The goal of this study was to provide researchers with information and tools to support further research. For example, researchers looking for clinical trial participants can use DailyStrength, where users often share experiences about a particular condition, and health advocates seeking to spread awareness about a condition that affects men can use WebMD, where men often ask for advice. To this end, we also made comparisons between platforms to suggest where such a researcher might begin looking. The classifier models built in this study can assist with this task as well as other analyses involving health-related online postings.

Related Work

Analysis of Health-Related Social Media

Many studies have been performed to characterize health-related social media communities. Hackworth and Kunz [3] reported that 80% of Americans have searched the internet for health-related information, more than 60 million Americans are consumers of social networks in the Web 2.0 environment (health 2.0), and consumers, especially those with chronic conditions, are leading the health 2.0 movement by seeking clinical knowledge and emotional support. Wiley et al [4] studied the impact of different characteristics of various social media forums on drug-related content and demonstrated that the characteristics of a social media platform affect several aspects of discussion. Eichstaedt et al [5] predicted the county-level heart disease mortality by capturing the psychological characteristics of local communities through expressed text in Twitter. However, these studies do not describe or compare specific demographics in terms of their post content.

Further work has focused on categorizing health-related posts based on their content. Yu et al [6] performed a preliminary content analysis of D/deaf and hard of hearing discussion forum, AllDeaf, to observe different types of social support behaviors and identify social support features for a future text classification task. Reavley and Pilkington [7] analyzed the content of tweets related to depression and schizophrenia, finding that tweets about depression mostly discussed consumer resources and advertisements, whereas tweets about schizophrenia mostly raised awareness and reported research findings. Lee et al [8] analyzed the content of tweets from health-related Twitter users, finding that they tweet about testable claims and personal experiences. Lopes and Da Silva [9] collected posts from a health-related online forum, MedHelp, and used them to propose and refine a scheme for manually classifying health-related forum posts into 4 categories and a total of 23 subcategories. Our work was built upon these studies by defining our own categories of post content, some of which have analogues in these studies.
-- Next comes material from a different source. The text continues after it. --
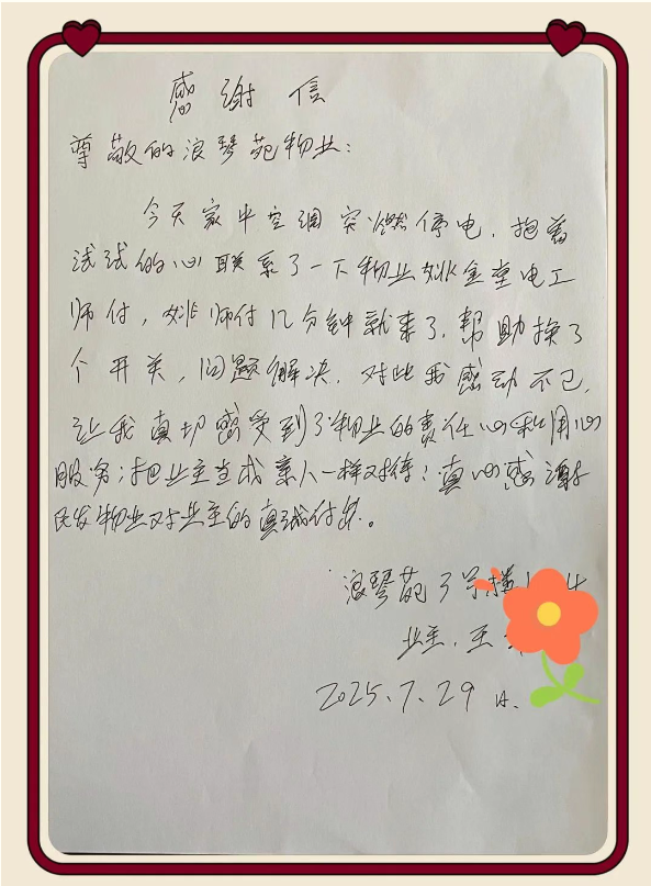 2025年7月29日上午9点10分,浪琴苑3号楼业主手捧一封感谢信,走进了物业服务中心。信纸虽轻,却承载着沉甸甸的感激之情。
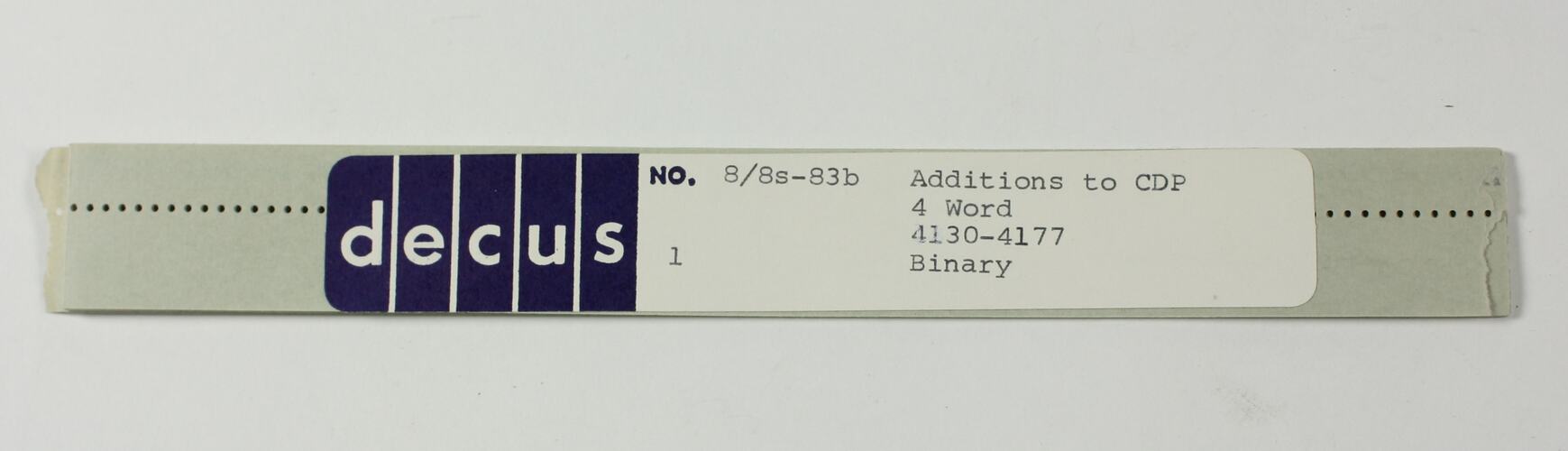 On label: 'decus NO. 8/8s-83b Additions to CDP / 4 Word / 4130-4177 / 1 Binary' On paper tape: 'DIRECTIONAL TAPE'

Health-Related Demographic Analysis

Other work has compared health issues between demographics or examined the demographics within a population participating in health-related research. Krueger et al [10] studied the mortality attributable to a low education level in the United States across several demographics, where they found people with an education level below a high school degree to have a higher mortality rate. Anderson-Bill et al [11] examined the demographics and behavioral and psychosocial characteristics of Web-health users (adults who use the Web to find information on health behavior and behavior change) recruited for a Web-based nutrition, physical activity, and weight gain prevention intervention. Their results suggest that users participating in online health interventions are likely “middle-aged, well-educated, upper middle-class women whose detrimental health behaviors put them at risk of obesity, heart disease, some cancers, and diabetes” [11]. These studies describe the demographics of the populations in their studies but do not describe the demographics of health-related social media users.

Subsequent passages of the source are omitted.